Random, extreme events: What are our options when we confront events we don’t understand? Is it possible to develop characteristics to emulate strengths in nature in becoming antifragile as described by former wall street trader, now academic, Nassim Nicholas Taleb?
“When you are fragile, you depend on things following the exact planned course, with as little deviation as possible.”Nassim Nicholas Taleb
Here are some insights into Taleb’s approach, especially relevant today:
Bio: Nassim N. Taleb is a former derivatives trader who became a scholar and philosophical essayist in 2006. Although he is currently Distinguished Professor of Risk Engineering at New York University’s Polytechnic Institute, he self-funds his research and operates in the manner of independent scholars. Taleb is the author of The Black Swan: (2007–2010) and Antifragile: Things That Gain from Disorder (2012).
His works focuses on decision making under uncertainty, as well as technical and philosophical problems with probability and metaprobability, in other words “what to do in a world we don’t understand”.
Since I wrote this post, I also followed it up with this presentation:
To better understand the context of these concepts including Taleb’s description of fragility, Black Swan events described below:
Becoming antifragile focuses on approaches that enable us to survive or even thrive from choosing a strengthening response to high levels of volatility, and particularly those unexpected extreme events.

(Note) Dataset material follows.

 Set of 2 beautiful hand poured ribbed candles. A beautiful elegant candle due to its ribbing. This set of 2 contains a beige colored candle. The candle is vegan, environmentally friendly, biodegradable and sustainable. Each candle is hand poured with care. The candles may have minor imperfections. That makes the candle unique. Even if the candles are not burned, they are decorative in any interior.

He also clarifies the dilemma of most modern, large institutions. “When you are fragile, you depend on things following the exact planned course, with as little deviation as possible.”

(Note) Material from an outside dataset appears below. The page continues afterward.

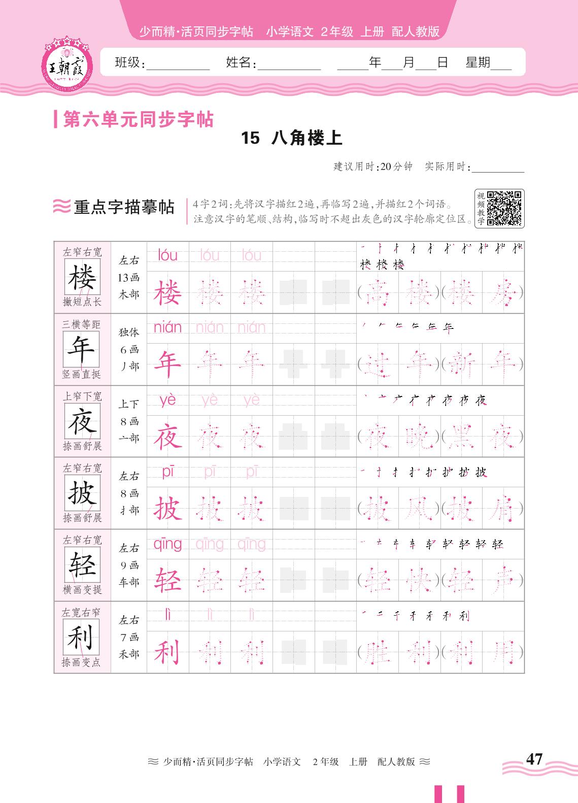 2024秋上册二年级语文人教版 第六单元同步字帖——15. 八角楼上

Taleb predicted what was going to fail in the stock market based on fragility. He profited mightily during the stock market crash of 1987, and is energized in his research because of it. He used the example of technology as fragile, useful in predicting the future. He also describes those who profit without having “skin in the game,” that is those who become wealthy with low or no risk at the expense of others.
Black Swans, as described by Taleb are, “large-scale unpredictable and irregular events of massive consequence.” They are non-linear.
Taleb uses his approach as a replacement for forecasting. There is no mathematical probability for rare events. There is NOT enough data. Positive and negative examples of Black Swan events include:
the invention of the computer and the Internet
- the stock market crash of 1929
- the invention of the computer and the Internet
- World War I
- terrorist attacks of 9/11
What would we add today? Polarization of politics? The attack on the US Capitol in January of 2021?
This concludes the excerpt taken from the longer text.